Reproduce exactly the lines from the start of the records through the line containing "This corresponds to", both included. Leave the pictures out.

◇ ◇ ◇ ◇ ◇ ◇ ◇

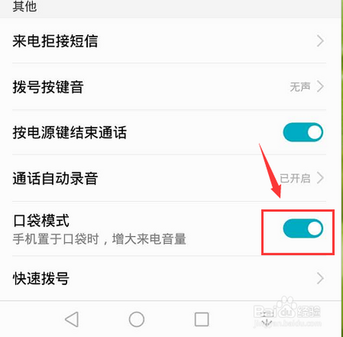 4.把口袋模式开启即可,这样手机放在口袋就会增大来电音量
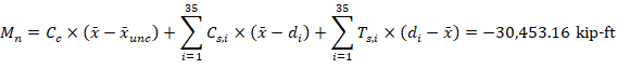 This corresponds to the case where the nominal axial load capacity, Pn, is equal to zero. The following show the general iterative procedure to calculate the moment capacity of the irregular wall section at this control point, all the calculated values are shown in the next Table.
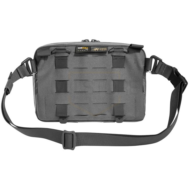 Le sac dispose d'un système inversé MOLLE amovible pour la fixation aux porte-assiettes et aux sacs à dos. De plus, il peut être accroché avec des boucles au TT Survival Pack ou à d'autres surfaces MOLLE avec des boucles appropriées. Il existe également un passage pour un passant de ceinture de 50 mm. À l'intérieur se trouvent des poches plates en filet, des boucles élastiques et une grande surface auto-agrippante MOLLE.
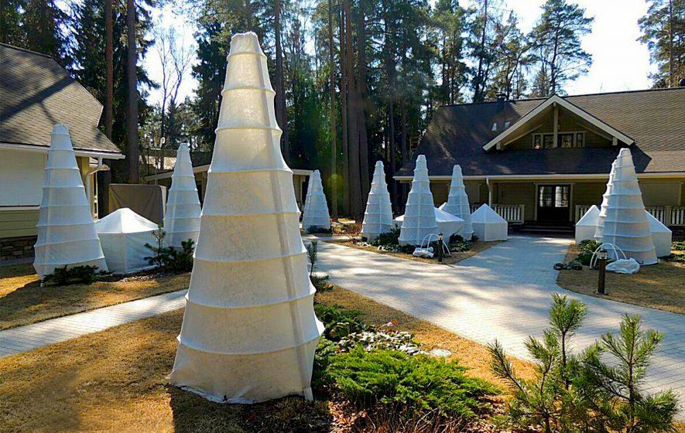 In addition to covering the bottom of the bush with spruce branches, you will need a shelter with a special garden breathing material. In the spring, it is worth removing it gradually so that harsh sunlight does not have a detrimental effect on the plant, which is accustomed to dusk during the winter.
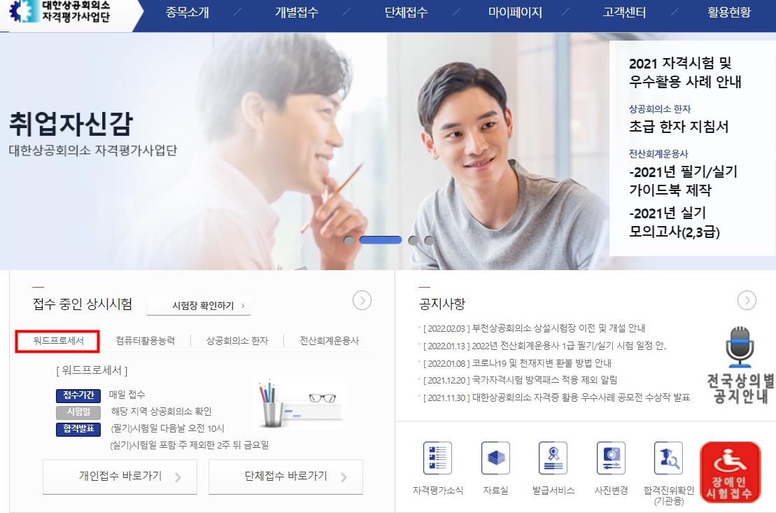 워드프로세서 상시시험 필기와 실기 시험은 대한상공회의소 자격평가사업단홈페이지(license.korcham.net)에서 온라인으로 접수 할수 있습니다.
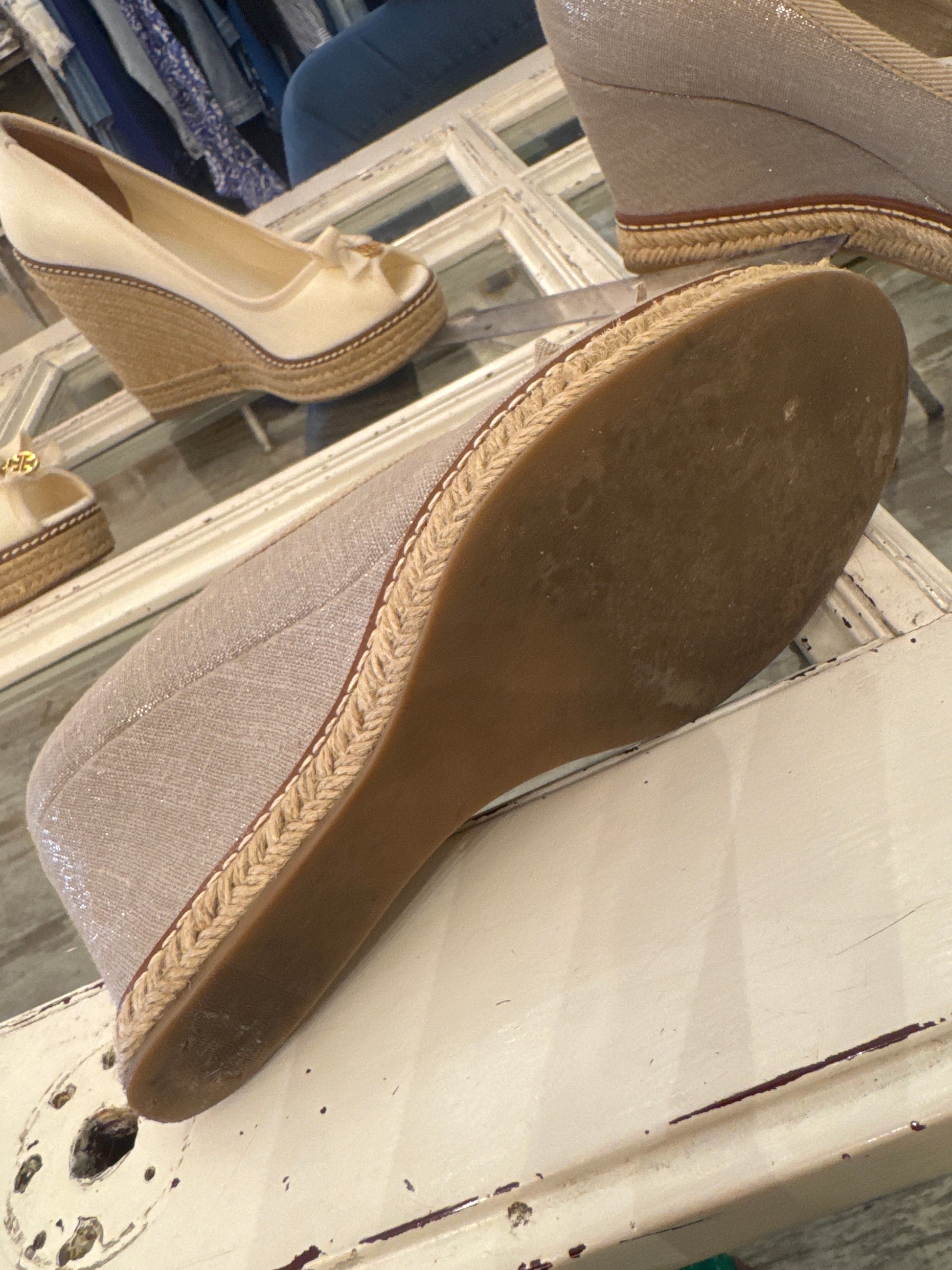 Zeppa Tory Burch open toe in tela color sabbia laminato con zeppa in tela e suola in corda. Fiocchetto con logo in metallo oro sulla punta.
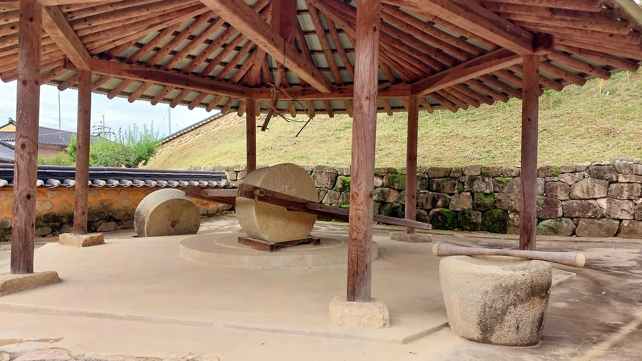 놀라 웠던것은 장독대 앞에 석빙고가 있었고 엄청난 크기의 뒤주 두 개가 나란하게 있었고 개인의 집에 있을 것 같지 않은 엄청난 크기의 연자방앗간에 두 눈이 휘둥그레졌다
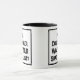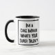 Drôle slogan sur une tasse qui dit "Je suis un créateur de gâteaux. Quel est VOTRE super talent ?" Deux Tone Mug pour un pâtissier. Texte en gras noir et blanc.
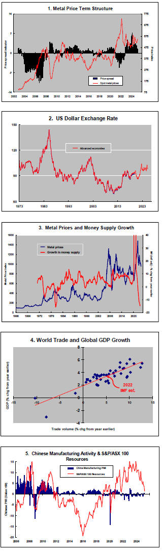 The greatest danger to a metal price cycle comes when monetary policy settings begin to tighten in response to higher inflation with an adverse effect on output growth and investment spending.
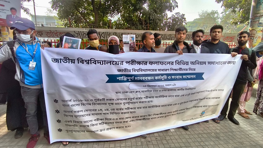 মানববন্ধনে তারা জানান, ২০১৯–২০ সেশনের ২০২৩ সালের অনার্স চতুর্থ বর্ষ পরীক্ষার ফলাফল প্রকাশের পর বহু শিক্ষার্থী এক ও দুই বিষয়ে অকৃতকার্য হওয়ায় চরম হতাশা ও অনিশ্চয়তার মধ্যে পড়েছেন। ভালো পরীক্ষা দিয়েও একই বিষয়ে বারবার অকৃতকার্য হওয়া, এক বা দুই বিষয়ে ফেল এবং ফলাফলে অসামঞ্জস্যতা তাদের মধ্যে গভীর মানসিক চাপ সৃষ্টি করেছে। এতে অনেকের শিক্ষা ও কর্মজীবন বাধাগ্রস্ত হচ্ছে।
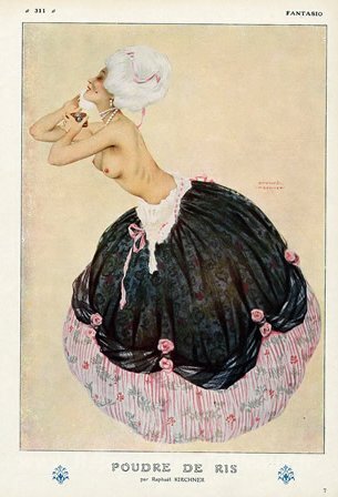 Nous vous proposons une reproduction artisanale sur toile du célèbre tableau 'Poudre de ris' de Raphael Kirchner, provenant du Musée de la Reproduction.
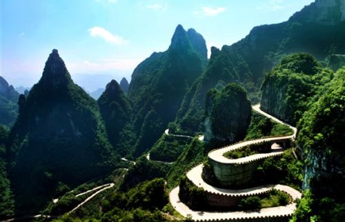 한편 천문산은 총길이 7,455m의 세계 최장길이인 케이블카를 타고 시내에서 부터 산의 정상까지 올라가게 된다. 높이차가 총 1,279m로 구름위까지 올라 가는 케이블카를 타며 산의 절경을 감상하게 되며, 케이블카에서 내려서면 총 99개의 굽이진 도로를 따라 천문동 입구에까지 이르게 된다.
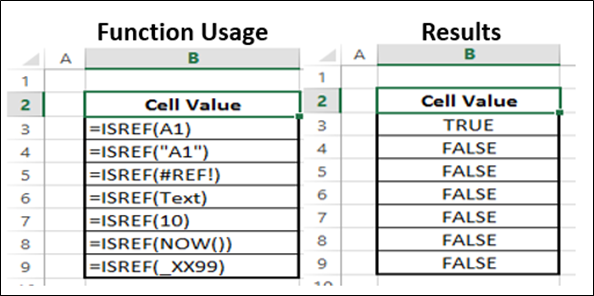 Fungsi ISREF mengembalikan nilai logika TRUE jika nilai yang ditentukan adalah referensi. Jika tidak, mengembalikan FALSE.
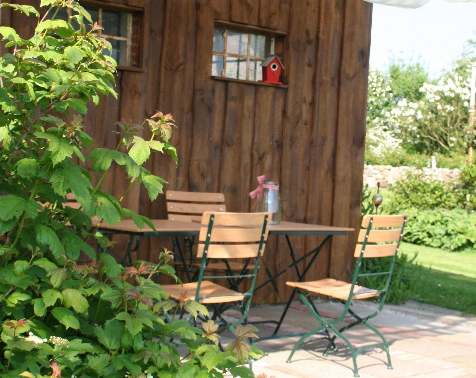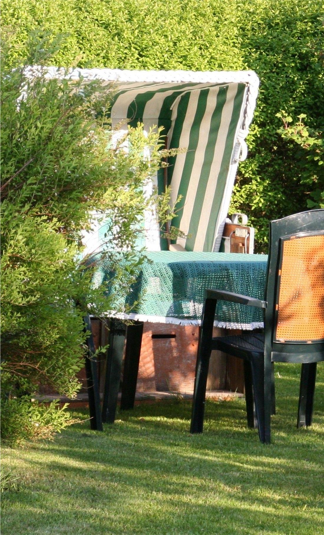 Im großen Garten finden Sie mehrere geschützte Sitzplätze mit Gartenmöbeln und Strandkörben.
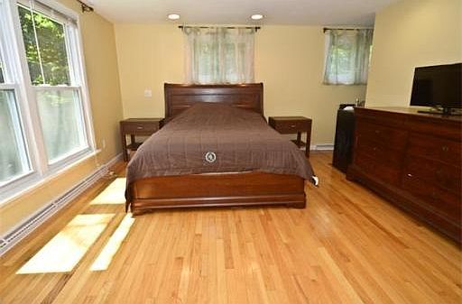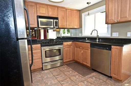 Remodeled ranch with open concept, flexible living space. This home's features include a granite and stainless kitchen; combination living room/dining area with wood burning fireplace, and sliders to a large deck overlooking a private, wooded area; shiny wood floors; and spacious bedrooms. The walkout lower level - with full daylight windows - is finished with the 4th bedroom/office, 3/4 bath, family room with fireplace, media room, mudroom and laundry, and also has abundant storage. Additional updates include 2-zone hydro-air heat, 2-zone central air, insulated windows, and 200 amp electrical service. The neighborhood schools, Bridge Elementary and Clarke Middle, are both Blue Ribbon rated. Convenient location to Alewife Station, Route 2, and I-95.
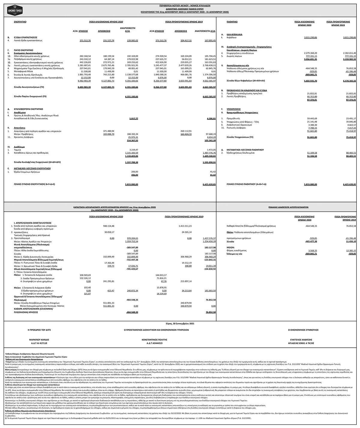 Ισολογισμός 2020 από το Δημοτικό Λιμενικό Ταμείο Σύρου Κείμενο Βλέπε εικόνα. Αριθμός Φύλλου: Αριθμός Φύλλου 5832 Κατηγορία: Κατηγορία Ισολογισμοί

◇ ◇ ◇ ◇ ◇ ◇ ◇

▸ **Output of the exercise**:
 4.把口袋模式开启即可,这样手机放在口袋就会增大来电音量
 This corresponds to the case where the nominal axial load capacity, Pn, is equal to zero. The following show the general iterative procedure to calculate the moment capacity of the irregular wall section at this control point, all the calculated values are shown in the next Table.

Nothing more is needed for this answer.